▶ Assigned task
Copy the first line of the entries below and every line after it through the line containing "Ergonomic Design: Curved". Do not include pictures.

++++++++

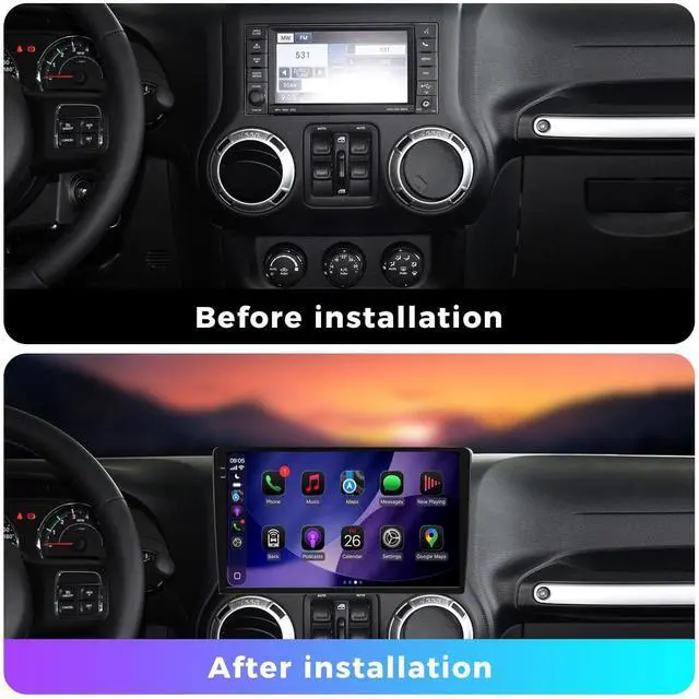 Super Powerful Android OS: The latest Android system with an 8-core processor, 4GB RAM and 32GB ROM in the new touch screen for JEEP Wrangler JK features a smooth and responsive performance, access a wide range of apps, getting rid of the old sluggish original system immediately ^^ CarPlay and
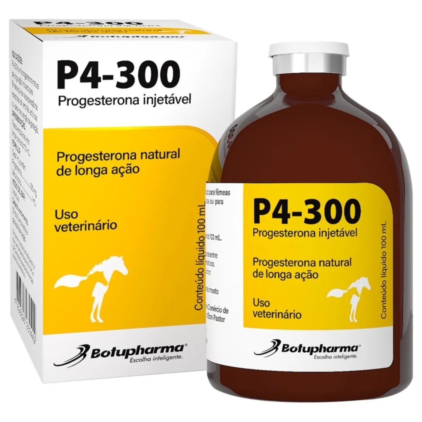 Indicação Progesterona P4-300 é uma progesterona natural de longa ação indicado para fêmeas. É indicada para éguas na preparação de receptoras de embrião acíclicas ou para manutenção da gestação. Fórmula Cada 1 mL contém Progesterona…………..300 mg Veículo q.s.p………………1 mL Modo de usar Via e forma de administração Produto de uso injetável exclusivamente por via intramuscular profunda. Aplicar por via intramuscular profunda 5 mL (1.500 mg) a cada 7 dias ou 10 mL (3.000 mg) a cada 14 dias para manutenção da prenhez. Apresentação Frasco contendo 100 mL.
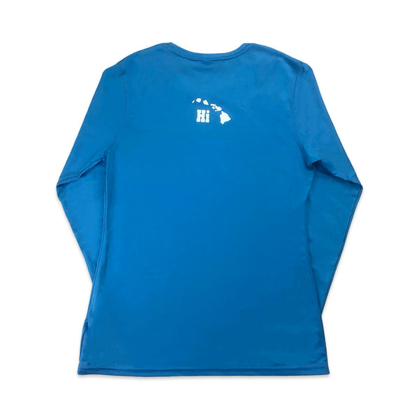 This "Be Maui" Honu Performance Long Sleeve UV Shirt. features a Small "Be Maui Honu" on the front center and the Hawaiian Islands on the back. The shirt is made from Syntrel, which combines unique microfiber packets with advanced knitting technology to channel moister from the body and allow free flow of air for high performance activities. Superior moisture wicking, extreme dry rate and UPF 30 protection against harmful UV rays.
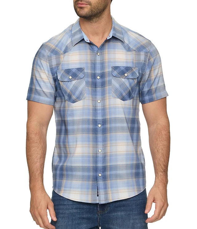 Flag and Anthem Bluffs UPF Performance Plaid Short Sleeve Woven Western Shirt
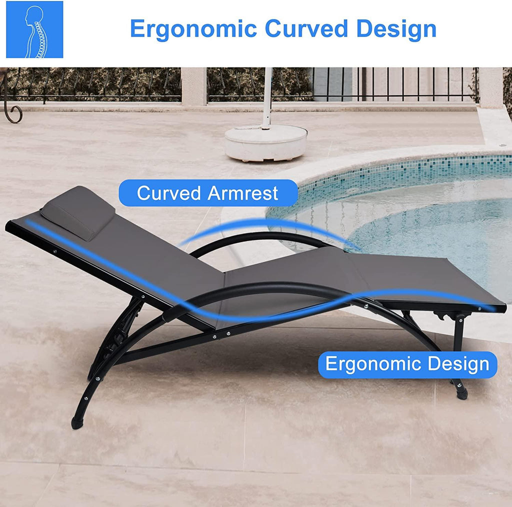 Ergonomic Design: Curved backrest design makes you lie more comfortable, reducing your muscle tension and stress.And the foam armest can keep your arms from being hurt by steel pipes.This chaise lounge chair is a good choice to take out and enjoy your sunbathing time.
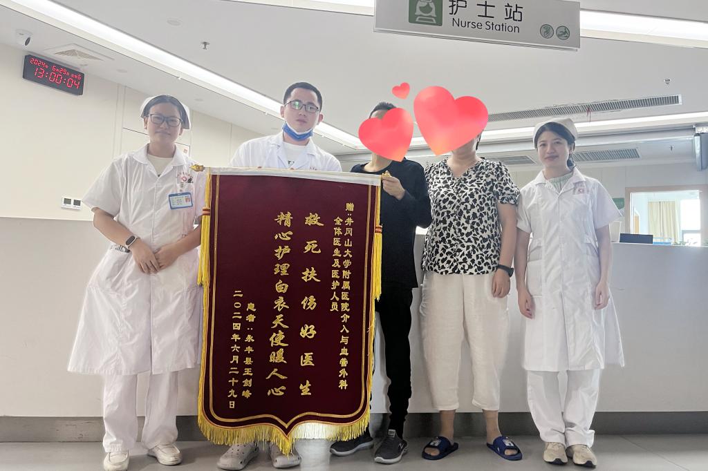一面面锦旗承载的不仅是患者对医护的感激之情,更是对介入与血管外科医疗技术和护理能力的极大肯定。未来,介入与血管外科将继续以患者满意为激励,不断落实优质服务内涵,以患者为中心,带给患者贴心和暖心,造福更多的患者。(文图:杨娟 审核:胡建明 周臻 彭晓露)
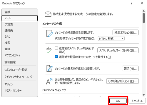 「Outlookのオプション」画面に戻ったら、「OK」をクリックします。
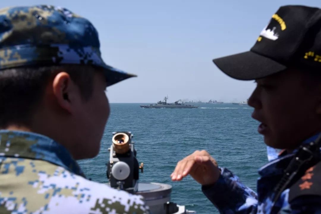4月26日,在人员换乘课目中,中方人员搭乘小艇前往外军舰船。
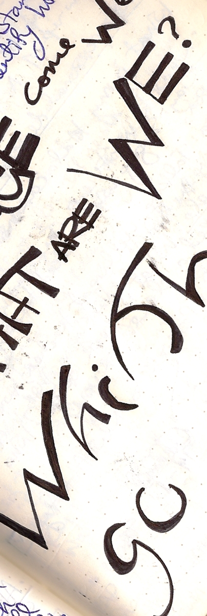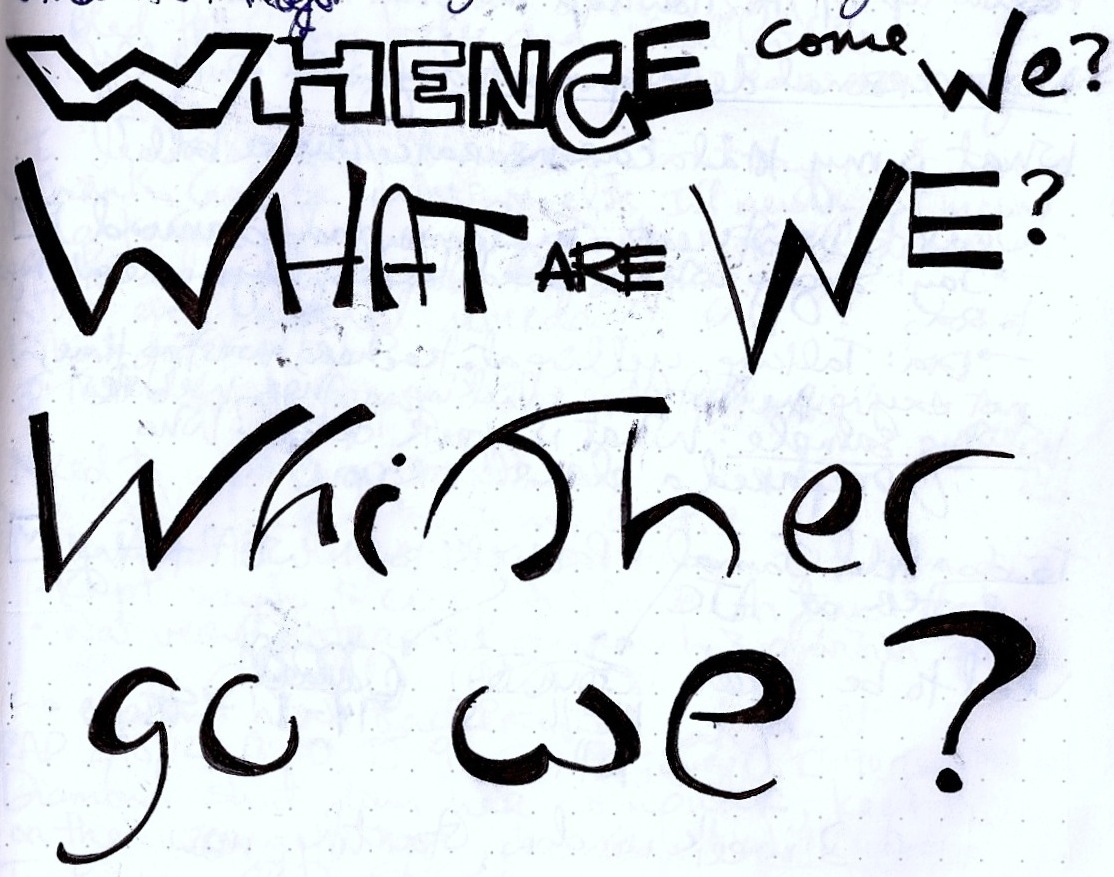 Last Saturday I was thinking about Paul Gauguin’s painting “Whence come we? What are we? Whither go we?” So as I thought about the questions, I wrote them out in some random fonts and scanned the page. I got one good scan, but I think I prefer the image below where the scanner randomly cropped it:
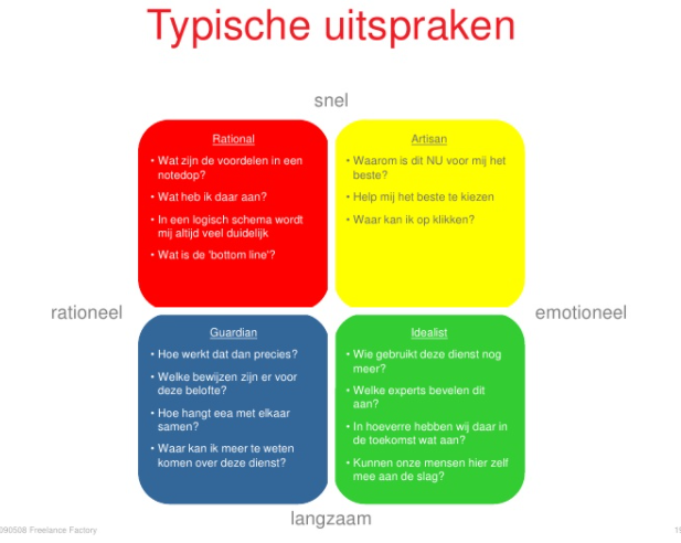Bijdragen aan het leven van anderen, persoonlijke groei, empathie. Harmonie, wil dat iedereen prettig met elkaar omgaat en zich goed voelt over zichzelf. Praat in generalisaties, overstatements en is als een soort psycholoog gevoelig voor implicaties van hetgeen mensen zeggen. Als ‘mensen-mens’ is dit type op zoek naar de meningen van anderen, in het bijzonder in de duivelse dilemma’s van de experts en wat ze daar tussen de regels uit op kunnen maken, abstract beeld, referenties, expert opinion, duidelijke persoonlijke afzender. Focus op ‘social proof’, laat echte mensen (klanten en medewerkers) zien en gezichten. Faciliteer interactie, biedt user generated content.
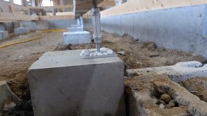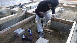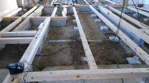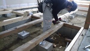 ↑土台はアンカーボルトで締固め、大引き土台は、鋼製束を用いて水平に固定していきます。(縁の下の力持ちですね。)
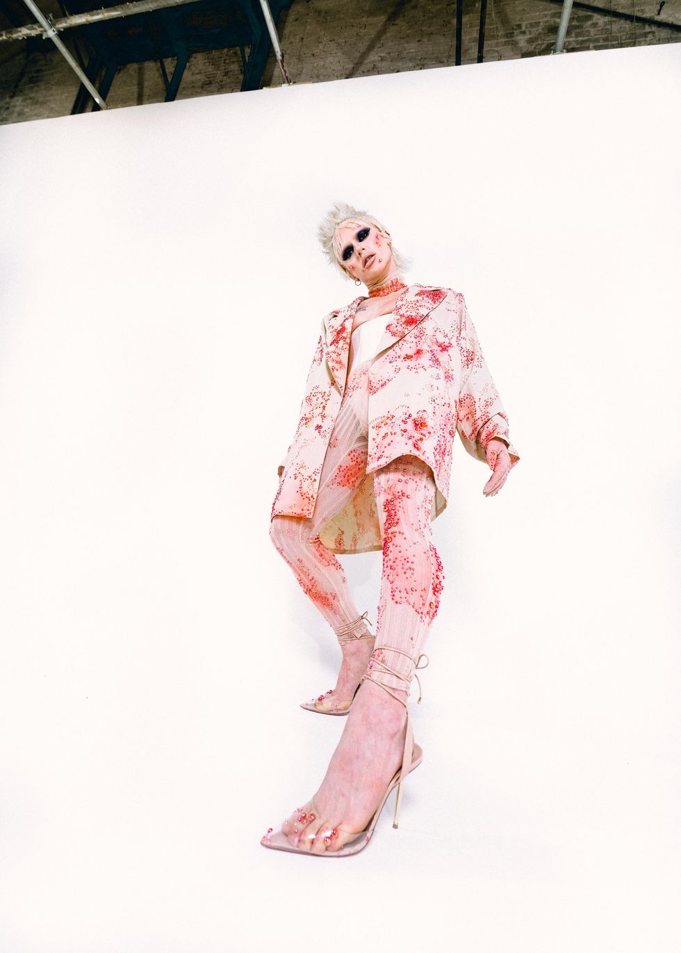 Bimini's interpretation came in the form of a flesh-toned "zit suit," covered entirely with clusters of red 3D gems that resembled acne breakouts. Even her makeup and shoes matched, with enough pustules to make a pimple popper lose their mind.
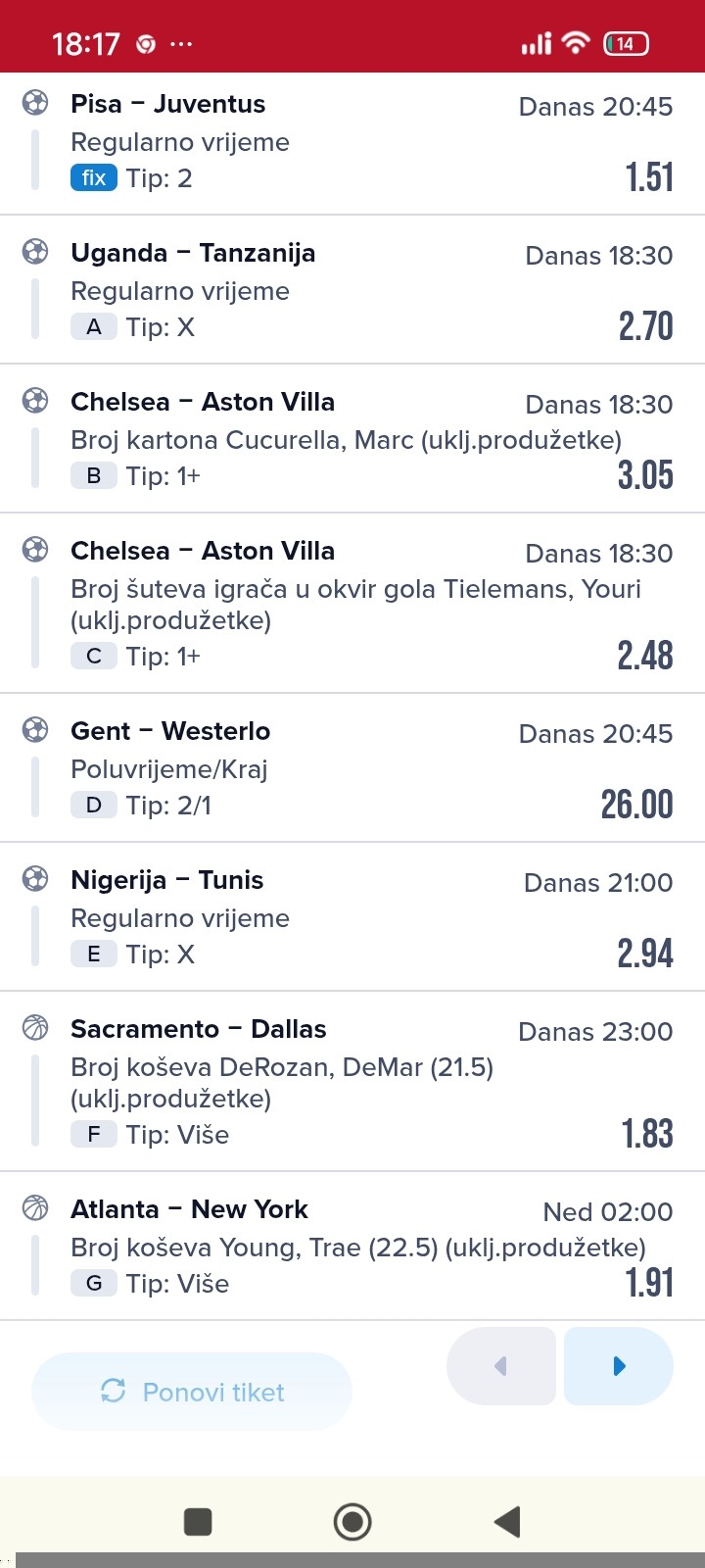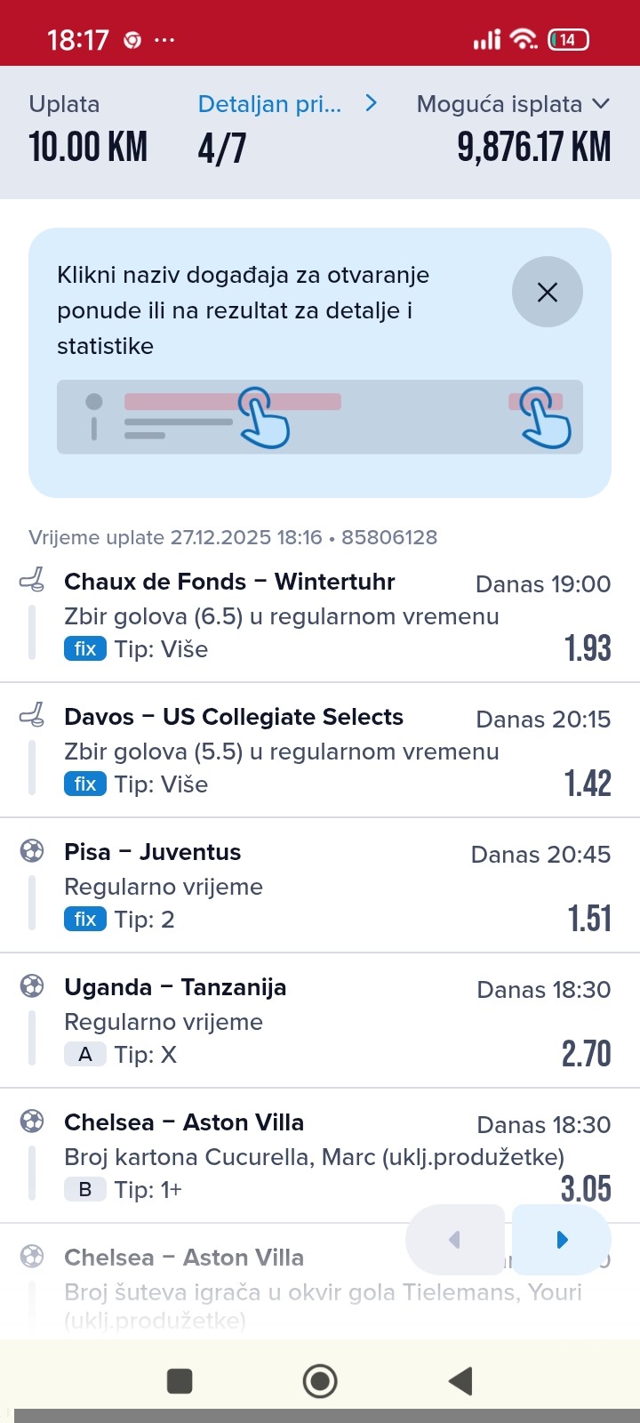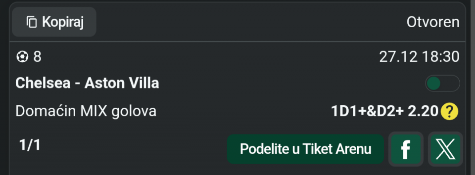 tip: over 5.5 (77 minut trenutni rezultat 3:2)...LIVE

++++++++

▶ Response
 Super Powerful Android OS: The latest Android system with an 8-core processor, 4GB RAM and 32GB ROM in the new touch screen for JEEP Wrangler JK features a smooth and responsive performance, access a wide range of apps, getting rid of the old sluggish original system immediately ^^ CarPlay and
 Indicação Progesterona P4-300 é uma progesterona natural de longa ação indicado para fêmeas. É indicada para éguas na preparação de receptoras de embrião acíclicas ou para manutenção da gestação. Fórmula Cada 1 mL contém Progesterona…………..300 mg Veículo q.s.p………………1 mL Modo de usar Via e forma de administração Produto de uso injetável exclusivamente por via intramuscular profunda. Aplicar por via intramuscular profunda 5 mL (1.500 mg) a cada 7 dias ou 10 mL (3.000 mg) a cada 14 dias para manutenção da prenhez. Apresentação Frasco contendo 100 mL.
 This "Be Maui" Honu Performance Long Sleeve UV Shirt. features a Small "Be Maui Honu" on the front center and the Hawaiian Islands on the back. The shirt is made from Syntrel, which combines unique microfiber packets with advanced knitting technology to channel moister from the body and allow free flow of air for high performance activities. Superior moisture wicking, extreme dry rate and UPF 30 protection against harmful UV rays.
 Flag and Anthem Bluffs UPF Performance Plaid Short Sleeve Woven Western Shirt
 Ergonomic Design: Curved backrest design makes you lie more comfortable, reducing your muscle tension and stress.And the foam armest can keep your arms from being hurt by steel pipes.This chaise lounge chair is a good choice to take out and enjoy your sunbathing time.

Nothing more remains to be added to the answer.